Ind AS 7 gives some flexibility on classification that is worth noting. Cash flows from interest and dividends received and paid are each disclosed separately and classified consistently. Under Ind AS 7, interest and dividends paid can be classified as either operating or financing, and interest and dividends received as either operating or investing, provided the classification is consistent period to period (this flexibility is somewhat broader than the more prescriptive Indian-practice treatment historically applied). Cash flows arising from taxes on income are separately disclosed and classified as operating unless specifically identified with financing or investing.

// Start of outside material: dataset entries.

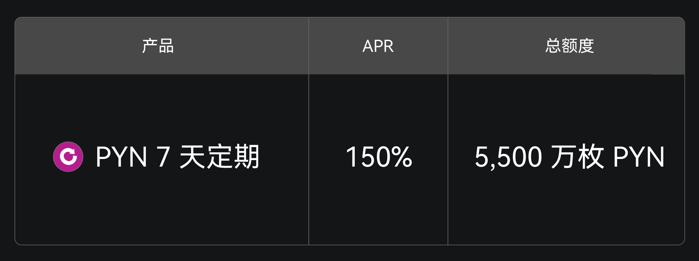 Gate 余币宝现已推出 PYN 7 天定期理财,年化收益 150%,总额度 5,500 万枚 PYN,限量发售,先到先得。
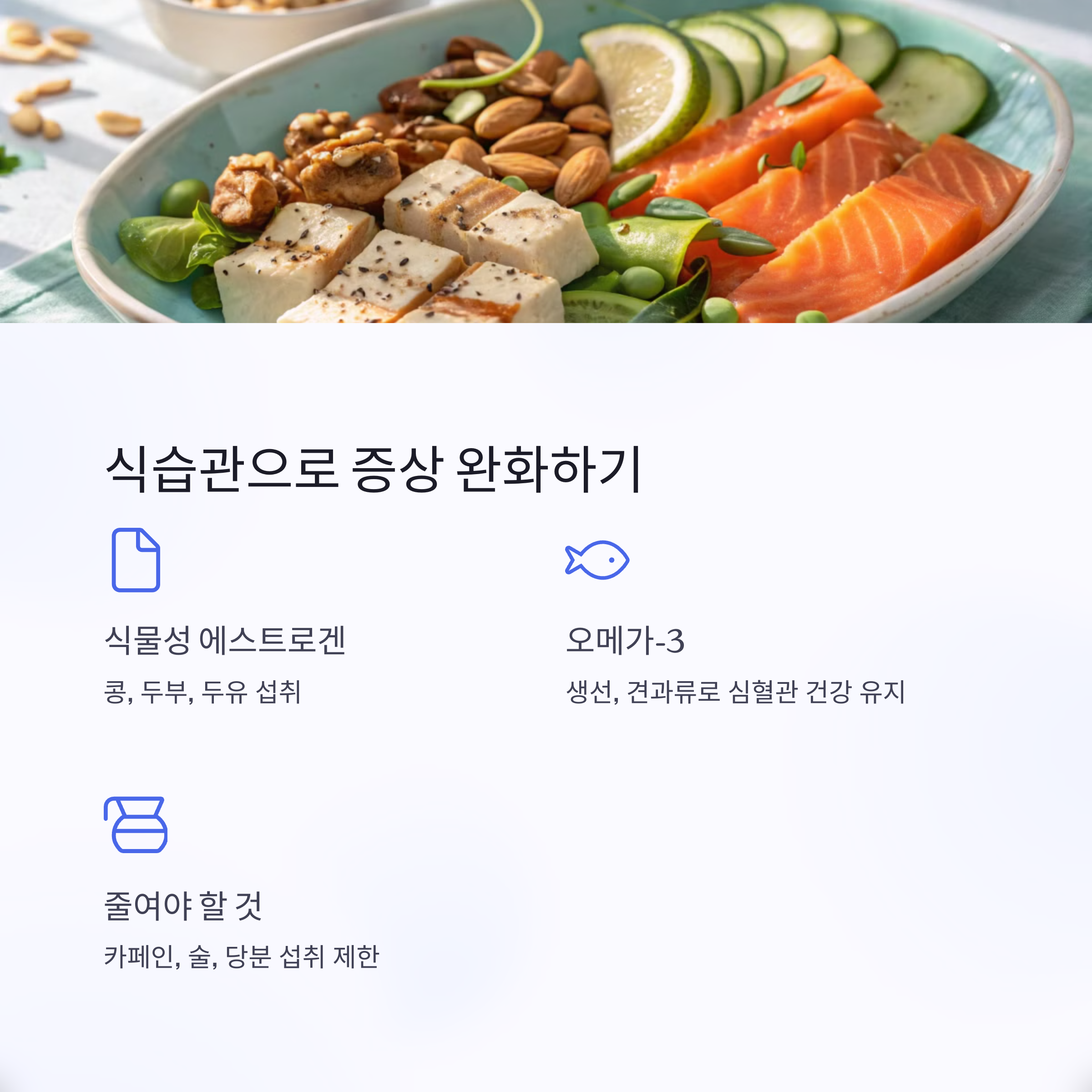 남성은 단백질 섭취를 통해 근육량 유지에 신경 써야 하며, 적절한 아연과 셀레늄 섭취가 호르몬 균형을 돕습니다. 카페인, 술, 지나친 당분은 증상을 악화시킬 수 있으므로 줄이는 것이 좋습니다.
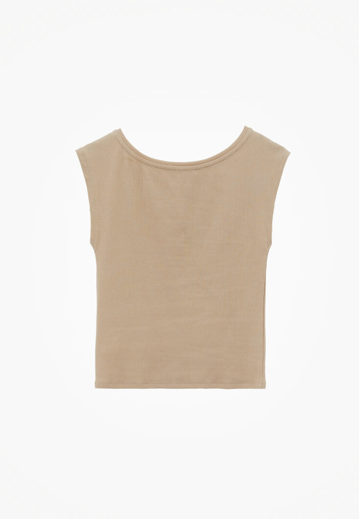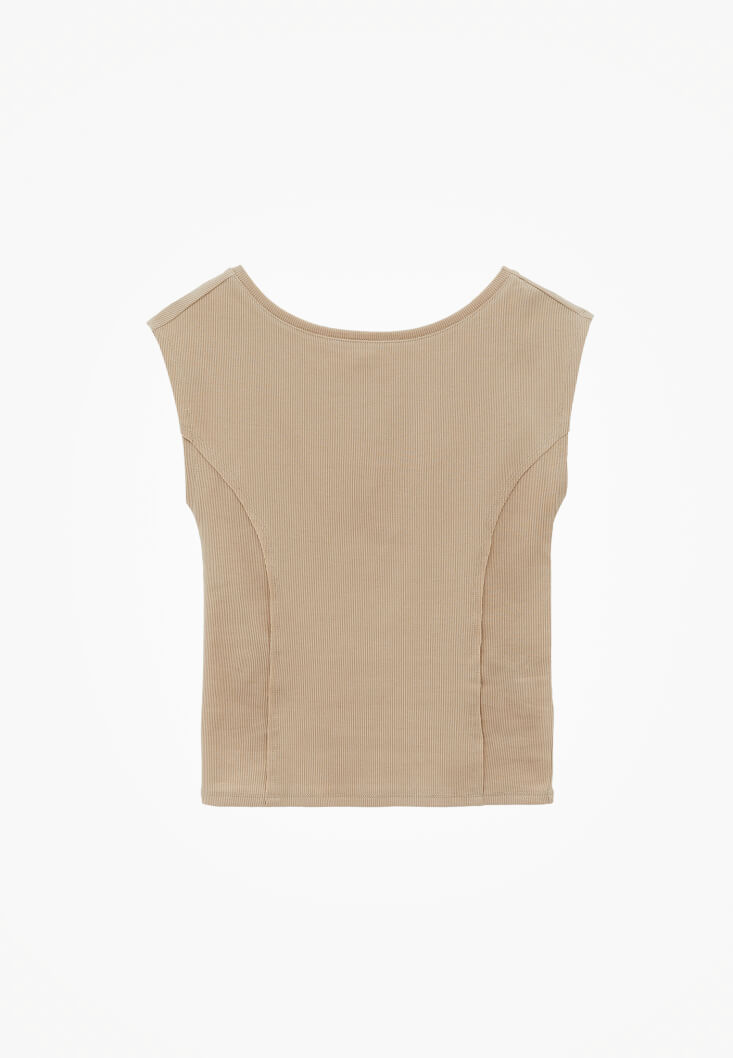 Bej Bot Yaka Tişört
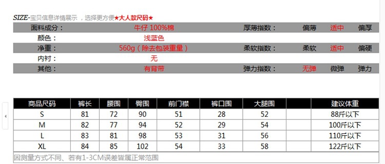 各位客戶請註意,倉庫發貨前都會檢查好再打包,前麵一位客戶反饋,這個款少發瞭一條帶子,但倉庫記錄沒有少發,我們選擇相信顧客,虧本 重新補發背帶過去!需要申明:這個款有一條紅色背帶,倉庫配貨檢查褲子和背帶之後,都會把紅色背帶放在褲子中間,再裝進包裝袋子!請在簽收前,在快遞麵前檢查,有問題請寫到快遞單上,並且第一時間聯系我們說明,簽收後任何理由的退換貨,或者補發帶子,費用由買傢負責。
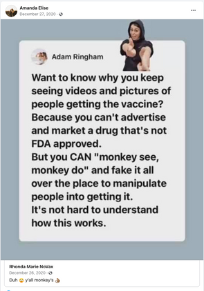 Amanda's friend Kasandra questions why the frontline workers are getting the vaccine first because it might kill them all leaving nobody to take care of the sick and elderly. Then she adds that she's not getting the vaccine, regardless.
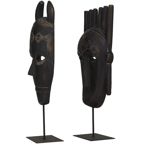 Black Polystone Handmade Carved Mask Sculpture (Set of 2)
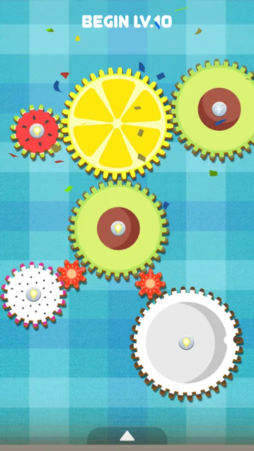 • Drag and move the given gears to connect all the fruit gears so that they spin together.
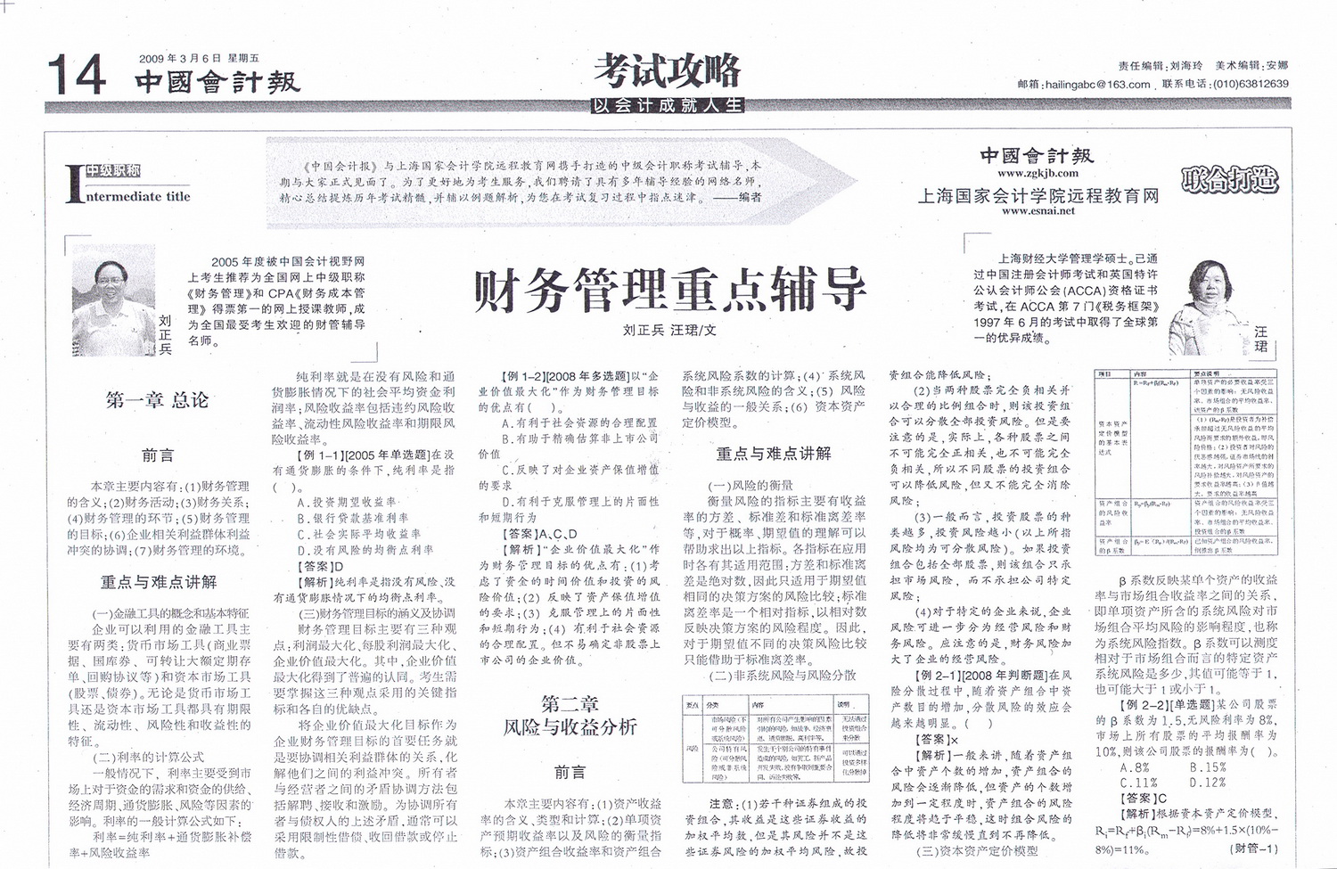 《中国会计报》2009年3月6日 第14版:考试攻略

Non-cash transactions and other disclosures

Investing and financing transactions that do not require the use of cash (such as acquiring assets by assuming liabilities directly, or converting debt to equity) are excluded from the statement but disclosed elsewhere. The components of cash and cash equivalents are disclosed and reconciled to the balance sheet. Ind AS 7 also requires disclosures that enable users to evaluate changes in liabilities arising from financing activities, including both cash and non-cash changes (a reconciliation of financing liabilities) — a disclosure that does not feature in AS 3.

A brief illustration

A company reports profit of ₹12 lakh. Under the indirect method, it adds back ₹4 lakh depreciation, deducts a ₹2 lakh increase in receivables and adds a ₹1 lakh increase in payables to reach operating cash flow, then shows ₹6 lakh paid for equipment under investing and ₹3 lakh of new borrowing under financing. Separately, it presents a reconciliation showing how its total borrowings moved over the year between cash drawdowns/repayments and non-cash changes — the financing-liabilities reconciliation Ind AS 7 requires. The statement makes clear that the ₹12 lakh profit translated into a different movement in cash once working capital, capital expenditure, and financing are considered.

How Ind AS 7 compares with AS 3

Ind AS 7 and AS 3 are conceptually very close — the same three-way classification, the same direct/indirect options, and the same notion of cash equivalents. The differences are at the margins: Ind AS 7 allows somewhat more flexibility in classifying interest and dividends (operating or financing/investing, consistently applied), and it requires the reconciliation of liabilities arising from financing activities, which AS 3 does not. Applicability also differs — under Ind AS the cash flow statement is an integral part of the complete set for all entities in scope, whereas the AS-framework requirement does not extend to every small enterprise.

Common pitfalls

Frequent issues include misclassifying flows between the three categories; netting investing or financing flows that should be gross; inconsistent classification of interest and dividends between periods; omitting significant non-cash transactions from disclosure; and failing to provide the financing-liabilities reconciliation.

Why this is cleaner on a unified system

A cash flow statement is only as good as the underlying transaction data, and it is far simpler to prepare when the ledger, banking, payables, receivables, and payroll all sit in one connected system. When every cash movement and every financing change is captured in a single source of truth, classifying flows and producing the reconciliations Ind AS 7 requires becomes a matter of querying one dataset rather than reassembling figures from separate tools.

This article is a detailed educational summary of Ind AS 7 in plain language. It is not a substitute for the full text of the standard. Accounting standards are amended from time to time; always verify the current, authoritative text of Ind AS 7 as notified under the Companies Act before relying on it, and consult a qualified chartered accountant for application to your specific circumstances.